- [Data entries]:
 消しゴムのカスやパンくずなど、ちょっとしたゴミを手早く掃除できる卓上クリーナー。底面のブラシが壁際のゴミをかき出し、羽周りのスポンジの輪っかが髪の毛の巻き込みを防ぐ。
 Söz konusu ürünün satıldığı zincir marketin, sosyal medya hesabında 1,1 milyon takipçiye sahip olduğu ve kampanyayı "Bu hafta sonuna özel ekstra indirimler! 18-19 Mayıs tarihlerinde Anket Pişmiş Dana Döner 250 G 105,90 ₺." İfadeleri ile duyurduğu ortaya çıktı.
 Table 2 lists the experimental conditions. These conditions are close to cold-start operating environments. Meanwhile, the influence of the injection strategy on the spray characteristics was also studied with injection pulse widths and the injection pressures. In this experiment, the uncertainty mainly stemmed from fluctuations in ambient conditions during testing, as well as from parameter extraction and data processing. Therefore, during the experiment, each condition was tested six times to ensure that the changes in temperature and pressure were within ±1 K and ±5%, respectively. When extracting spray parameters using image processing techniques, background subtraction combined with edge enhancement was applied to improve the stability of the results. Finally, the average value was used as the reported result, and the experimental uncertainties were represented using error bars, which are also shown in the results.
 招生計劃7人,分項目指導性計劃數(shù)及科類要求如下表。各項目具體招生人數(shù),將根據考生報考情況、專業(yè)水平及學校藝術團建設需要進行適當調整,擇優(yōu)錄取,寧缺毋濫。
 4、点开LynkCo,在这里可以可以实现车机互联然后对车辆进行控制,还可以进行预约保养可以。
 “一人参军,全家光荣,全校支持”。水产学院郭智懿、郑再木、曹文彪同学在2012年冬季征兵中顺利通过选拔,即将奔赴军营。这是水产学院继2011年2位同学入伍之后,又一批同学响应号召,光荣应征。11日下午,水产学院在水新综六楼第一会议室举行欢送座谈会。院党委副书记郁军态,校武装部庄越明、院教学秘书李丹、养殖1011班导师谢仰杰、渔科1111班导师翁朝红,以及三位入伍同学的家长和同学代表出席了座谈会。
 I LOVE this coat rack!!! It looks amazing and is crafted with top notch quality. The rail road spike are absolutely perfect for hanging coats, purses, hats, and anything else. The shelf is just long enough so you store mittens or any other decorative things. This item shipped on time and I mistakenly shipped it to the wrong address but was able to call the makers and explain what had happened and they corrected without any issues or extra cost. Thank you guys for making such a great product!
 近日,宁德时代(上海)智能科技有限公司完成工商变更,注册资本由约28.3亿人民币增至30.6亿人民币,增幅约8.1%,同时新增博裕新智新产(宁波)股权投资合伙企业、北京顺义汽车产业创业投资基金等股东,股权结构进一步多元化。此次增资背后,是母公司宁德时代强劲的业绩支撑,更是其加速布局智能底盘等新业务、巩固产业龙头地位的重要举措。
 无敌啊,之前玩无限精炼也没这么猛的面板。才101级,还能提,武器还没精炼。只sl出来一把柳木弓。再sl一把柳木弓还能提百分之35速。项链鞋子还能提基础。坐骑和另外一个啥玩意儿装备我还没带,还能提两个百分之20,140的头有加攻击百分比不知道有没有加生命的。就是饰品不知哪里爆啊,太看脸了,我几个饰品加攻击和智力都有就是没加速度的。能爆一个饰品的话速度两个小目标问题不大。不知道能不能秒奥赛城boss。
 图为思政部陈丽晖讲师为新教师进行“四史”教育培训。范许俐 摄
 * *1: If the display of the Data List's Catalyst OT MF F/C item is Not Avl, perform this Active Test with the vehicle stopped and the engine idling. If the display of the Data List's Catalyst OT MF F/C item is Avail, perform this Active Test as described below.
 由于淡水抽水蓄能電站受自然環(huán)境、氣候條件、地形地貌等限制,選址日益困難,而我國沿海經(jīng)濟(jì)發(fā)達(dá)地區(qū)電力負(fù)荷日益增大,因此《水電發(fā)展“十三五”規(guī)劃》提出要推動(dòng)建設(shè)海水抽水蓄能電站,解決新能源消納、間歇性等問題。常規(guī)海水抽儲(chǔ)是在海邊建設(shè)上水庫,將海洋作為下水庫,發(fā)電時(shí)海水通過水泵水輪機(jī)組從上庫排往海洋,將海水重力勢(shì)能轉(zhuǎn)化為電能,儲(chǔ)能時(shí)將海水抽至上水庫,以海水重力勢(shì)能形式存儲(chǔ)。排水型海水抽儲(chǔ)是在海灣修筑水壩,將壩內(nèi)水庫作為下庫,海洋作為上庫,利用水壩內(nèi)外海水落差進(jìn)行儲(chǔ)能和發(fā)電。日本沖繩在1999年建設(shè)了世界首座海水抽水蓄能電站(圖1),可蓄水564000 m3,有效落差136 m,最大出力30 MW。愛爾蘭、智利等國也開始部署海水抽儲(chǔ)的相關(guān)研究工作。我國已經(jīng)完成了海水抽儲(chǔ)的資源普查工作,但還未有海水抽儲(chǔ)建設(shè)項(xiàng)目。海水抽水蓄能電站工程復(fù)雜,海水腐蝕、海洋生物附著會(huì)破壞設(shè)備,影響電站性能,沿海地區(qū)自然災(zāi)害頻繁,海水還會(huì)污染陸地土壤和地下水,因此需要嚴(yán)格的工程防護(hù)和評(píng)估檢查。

- [Task statement]: Go through the records above and return each line in which the word "with" occurs.

- [Result of this exercise]:
 Table 2 lists the experimental conditions. These conditions are close to cold-start operating environments. Meanwhile, the influence of the injection strategy on the spray characteristics was also studied with injection pulse widths and the injection pressures. In this experiment, the uncertainty mainly stemmed from fluctuations in ambient conditions during testing, as well as from parameter extraction and data processing. Therefore, during the experiment, each condition was tested six times to ensure that the changes in temperature and pressure were within ±1 K and ±5%, respectively. When extracting spray parameters using image processing techniques, background subtraction combined with edge enhancement was applied to improve the stability of the results. Finally, the average value was used as the reported result, and the experimental uncertainties were represented using error bars, which are also shown in the results.
 I LOVE this coat rack!!! It looks amazing and is crafted with top notch quality. The rail road spike are absolutely perfect for hanging coats, purses, hats, and anything else. The shelf is just long enough so you store mittens or any other decorative things. This item shipped on time and I mistakenly shipped it to the wrong address but was able to call the makers and explain what had happened and they corrected without any issues or extra cost. Thank you guys for making such a great product!
 * *1: If the display of the Data List's Catalyst OT MF F/C item is Not Avl, perform this Active Test with the vehicle stopped and the engine idling. If the display of the Data List's Catalyst OT MF F/C item is Avail, perform this Active Test as described below.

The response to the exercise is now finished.